Literary Euphoria Disguised as a Bookstore
I found The Shipping News by E. Annie Proulx (Pulitzer winner 1994) at the Book Trader in Minneapolis. My husband had spied the store as we were driving to a friend’s house (I don’t know how I missed it!), and bless his heart, he turned around and escorted me into literary euphoria. I was greeted by that old, musty, used book smell that I’ve grown to love. The aisles were more narrow than a clogged artery and the book shelves were overworked like the lungs of a smoker turned marathoner. I floated from room to room, not quite sure where to begin.

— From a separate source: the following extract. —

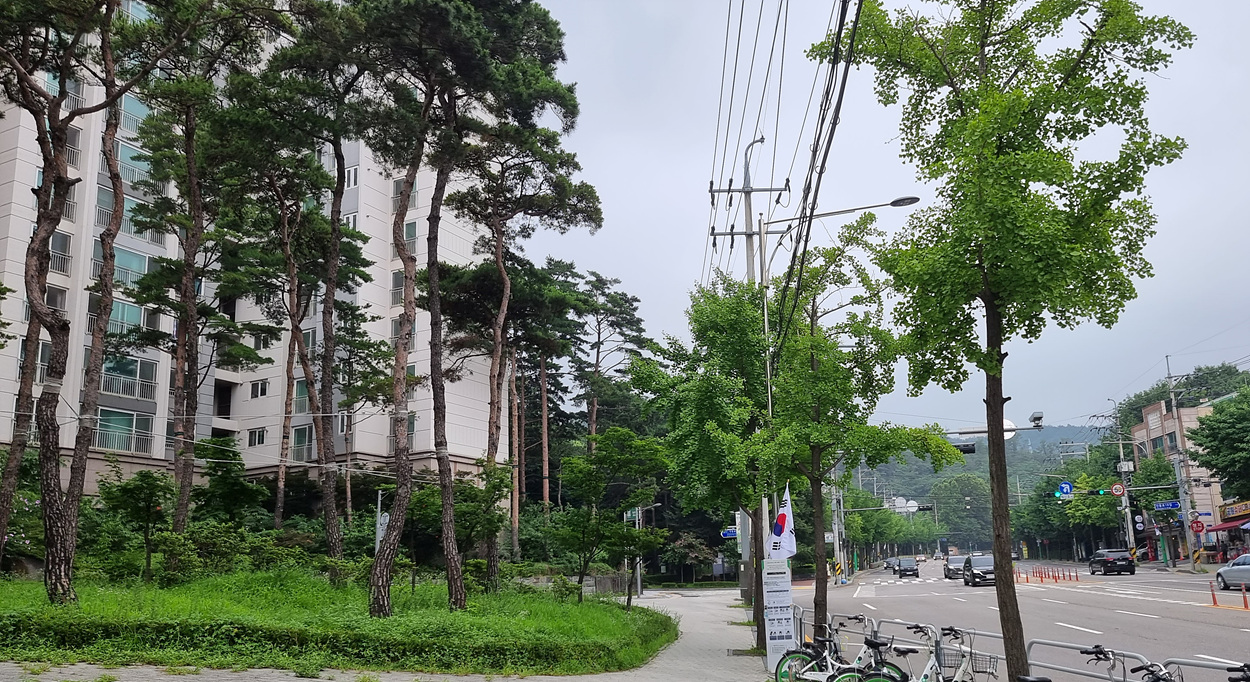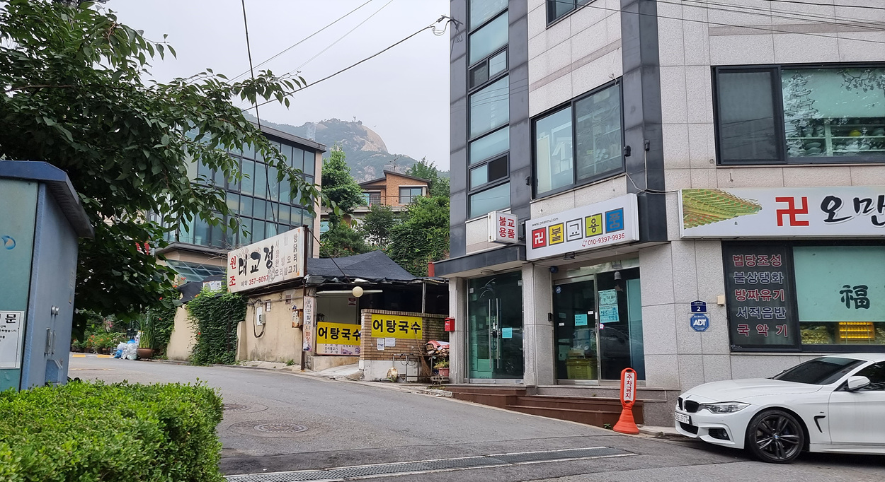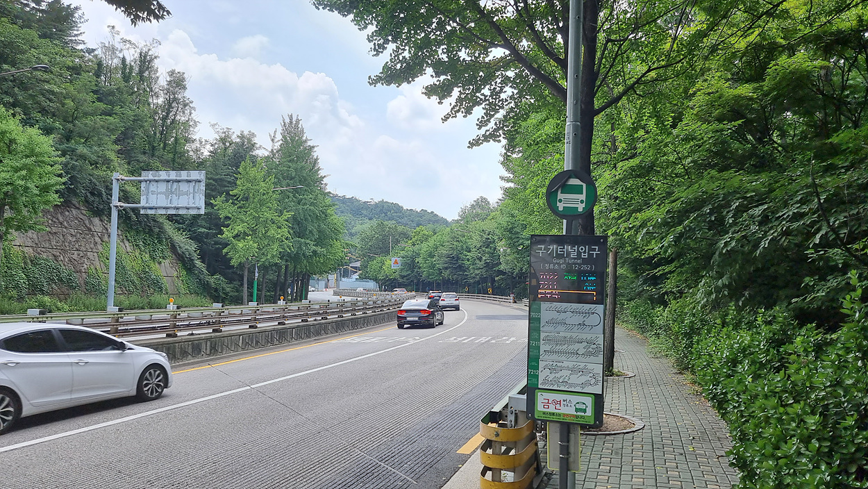 2번출구에서 왼쪽 구기터널 방향으로 올라간다,

One aisle had a three foot tall stack of books about three feet deep. You couldn’t even get to the books in the back, on the shelves or otherwise. I walked past this aisle several times. It was like looking into the proverbial white light and not being ready to go. I asked for assistance in finding the books on my short list and wouldn’t you know it, they were all down the aisle I was avoiding. The clerk said, “All the gems are in this pile, but nobody wants to go through it.”

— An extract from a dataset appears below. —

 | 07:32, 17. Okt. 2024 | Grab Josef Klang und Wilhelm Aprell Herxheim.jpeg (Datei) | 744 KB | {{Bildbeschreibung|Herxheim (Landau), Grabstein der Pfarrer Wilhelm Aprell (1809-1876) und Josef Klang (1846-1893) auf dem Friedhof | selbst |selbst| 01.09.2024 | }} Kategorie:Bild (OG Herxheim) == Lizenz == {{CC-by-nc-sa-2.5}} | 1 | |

Since I am not ‘nobody,’ I go bobbing for Pulitzer Prize winning fiction. I have hit the mother load of used, history-making novels and just when I think I am completely through the white light to the other side, I hear my husband ask if I’m ready to go. I turn to him with a stack of books in my arms – a distraught look on my face – and ask for a few more minutes to pick my winner and say fare-thee-well to the rest. And like any near death experience, I knew one thing for sure. I would definitely come back here!